Mr. MATTHEWS. But my point is this: As I understand it, you do not want the Department to identify it?

Dr. ROGERS. Well, I would not say what I want; I am just offering a suggestion.

Mr. MATTHEWs. But I mean that seems to be the suggestion, and my point is that I do not know too much about it, but I do know from the evidence we have had that people who buy this tobacco do not want it. If you have some kind of a program which encourages farmers to keep planting what they buyers do not want, it means more and more goes into stabilization, and your entire program might go under. Like my colleagues, I am trying to find some solution to it. Dr. ROGERS. I appreciate that.

Mr. MCMILLAN. I just wonder why a company would buy this tobacco if they did not want it.

Mr. COOLEY. They do not know what they are buying.

Mr. ROGERS. I disagree with you there.

Mr. COOLEY. The tobacco buyers stood back there and bought some of my tobacco last year, and I knew it was 139.

Dr. ROGERS. Did they come back later and tell you it was not any good?

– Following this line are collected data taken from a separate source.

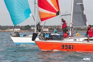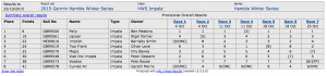 Depite the gloomy weather forecasts, the 8 Impalas racing in the Garmin Hamble Winter Series got a race in yesterday – after a few hours under AP in the blazing sunshine.
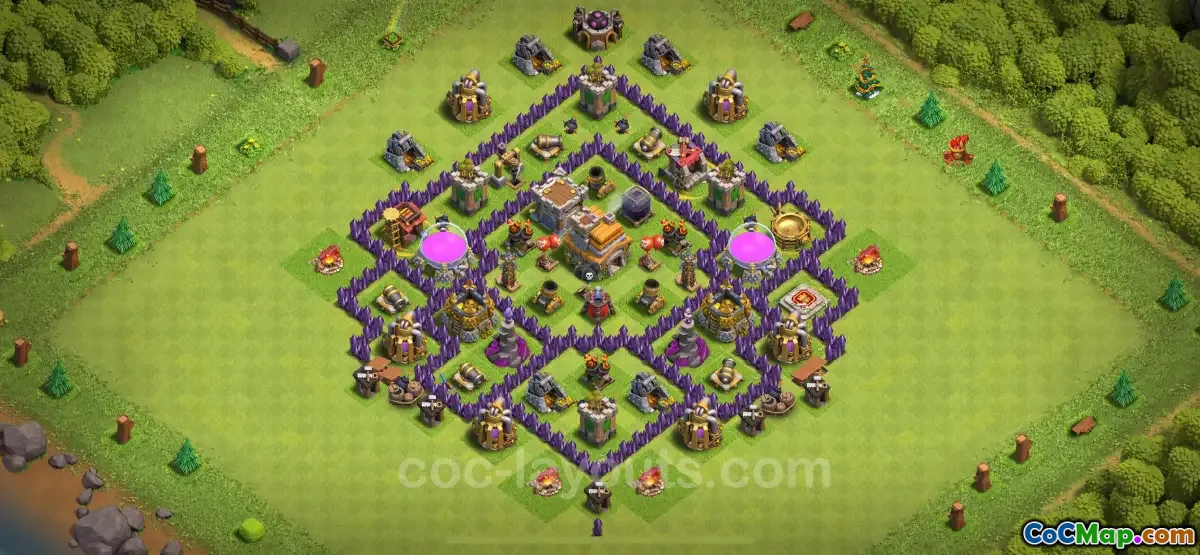 The Trophy Base for Town Hall Level 7 in Clash of Clans is designed specifically for players looking to collect trophies effectively. This base layout provides strategic placements of defenses and structures that maximize the player's ability to fend off attackers while simultaneously accumulating trophies. The organization of buildings and defenses helps in creating a formidable defense that can deter opponents from easily winning battles.
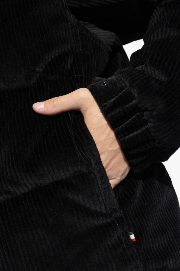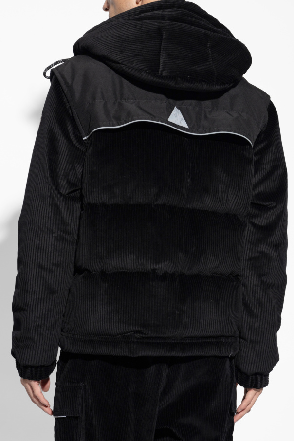 Introducing the Moncler Grenoble Apres-Ski Jacket, a quintessential piece from the exclusive Moncler Grenoble collection, renowned for its high-fashion approach to active menswear, particularly in the realm of ski apparel and accessories. This jacket epitomizes sophistication with its straight-cut silhouette and meticulously crafted details on the shoulders and hood. The exterior is fashioned from luxurious black corduroy, imparting a refined texture and aesthetic. The upper portion, including the hood, utilizes a contrasting material such as nylon or polyester, offering enhanced protection against the elements. The jacket features an array of thoughtful design elements: adjustable drawstrings on the shoulders and hood for a tailored fit, and striking white piping on the upper section that adds a distinctive flair. The front closure is secured with buttons, and a discreet "MONCLER" logo is embossed on the chest. Additionally, a small branded tag is subtly sewn into a side pocket. For added functionality, the jacket includes a hood for rain and snow protection, elasticated cuffs to guard against the cold, and a reflective element on the back, ensuring safety during winter sports activities. The dominant black hue enhances its timeless appeal. Why Choose This Product? Crafted from high-quality materials: corduroy, nylon, and polyester. Elegant design with functional details for an impeccable fit. Includes a hood and elastic cuffs for optimal weather protection. Subtle yet iconic Moncler branding. Reflective element for increased safety.
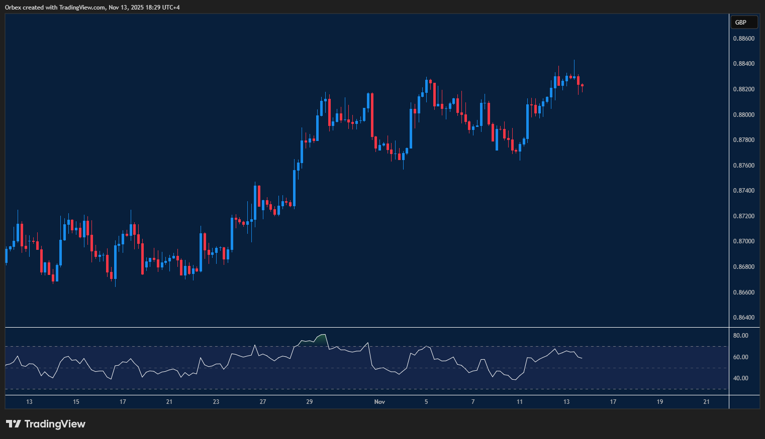وفي الوقت ذاته، خفّ بريق اليورو أمام الجنيه الإسترليني بعد صعود قوي تجاوز مائة نقطة، إذ فقد الزوج جزءًا من زخمه عند اقترابه من مستوى 0.8800. ويبدو أن السوق لا يزال مترددًا بين استمرار التصحيح أو استئناف الصعود، حيث تمثل منطقة 0.8780 أول مستويات الدعم التي قد توقف الانخفاض مؤقتًا، في حين يعيد الهبوط دون 0.8750 سيناريو التراجع الأوسع نحو 0.8660. أما إذا عاد الاتجاه الصاعد للسيطرة، فقد يستهدف الزوج مستويات لم يصل إليها منذ سنوات متجاوزًا حاجز 0.8900.
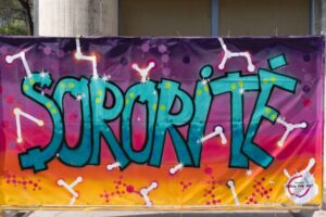 Les participantes ont réalisé collectivement une fresque aux côtés de l’association Place for Art. Elles ont choisi un mot pour symboliser leur expérience : « sororité ».
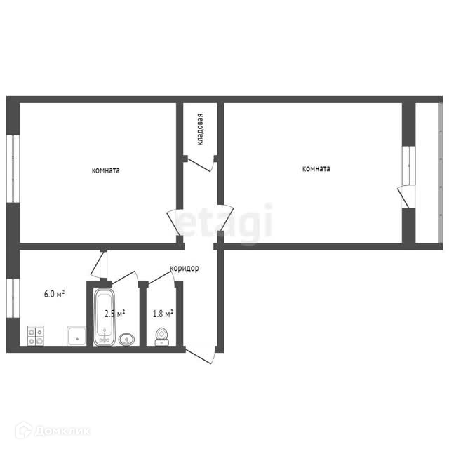 Квартира расположена на 2 этаже 5-ти этажного дома. Общая площадь квартиры составляет 43,7 квадратных метров.
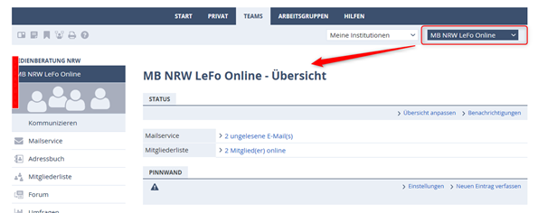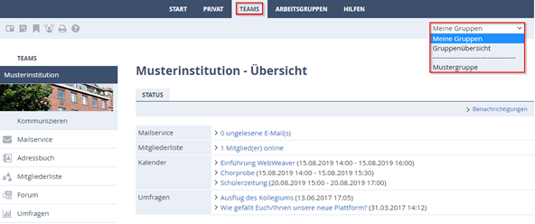 Die Arbeitsbereiche Ihrer Gruppen erreichen Sie bequem über das Pull-down-Menü in der rechten oberen Ecke des Arbeitsbereichs "Teams".Das Pull-down-Menü „Ihre Gruppen“ bietet Zugriff auf die Gruppen, in denen Sie Mitglied sind. Wenn Sie in eine Gruppe aufgenommen werden wollen, wenden Sie sich an die Moderierenden der Gruppen. Diese können Sie zu einer Gruppe hinzufügen oder Sie aus einer Gruppe entfernen.

Mr. COOLEY. No; but they have a lot of it in the plants, and I have talked to these leaf men in the big companies and they said they cannot tell it on the warehouse floor.

Dr. ROGERS. Have any of them who bought it come back later and said after they got it in the plant that they did not want it?

Mr. COOLEY. Yes, sir; some of the buyers came to me and said we have this stuff, and did not realize what it was, and could not sell it. Dr. ROGERS. I am talking about the manufacturing plant.

Mr. COOLEY. Yes, sir; these exporters. They bought a lot of it, and they could not sell it, but they are tied down with it right now, and the stabilization people took a lot of it.

Dr. ROGERS. You know, we made surveys and we found that a larger percentage of some other tobaccos were going into stabilization

than 139.

Mr. COOLEY. I do not doubt that, and I do not think anyone would argue with you that you would not find some of the same characteristics in other types.

Dr. ROGERS. We do not worry about one variety.

Mr. LENNON. Under normal growing conditions-that, is, of soil and moisture--what are the distinguishable identifiable characteristics of 139 and 140 and Dixie Bright 244? I know as an expert you can tell us what the distinguishable and identifying characteristics of those three varieties are.

Dr. ROGERS. I believe I made a statement a while ago or is that a following up of that statement?

Mr. LENNON. No; I just want your statement in this record, as to how you would identify by distinguishable characteristics these three types which are now discounted varieties.

Dr. ROGERS. You might say there are three main things. Increasing the yield of tobacco. That is the first thing you look at on any crop.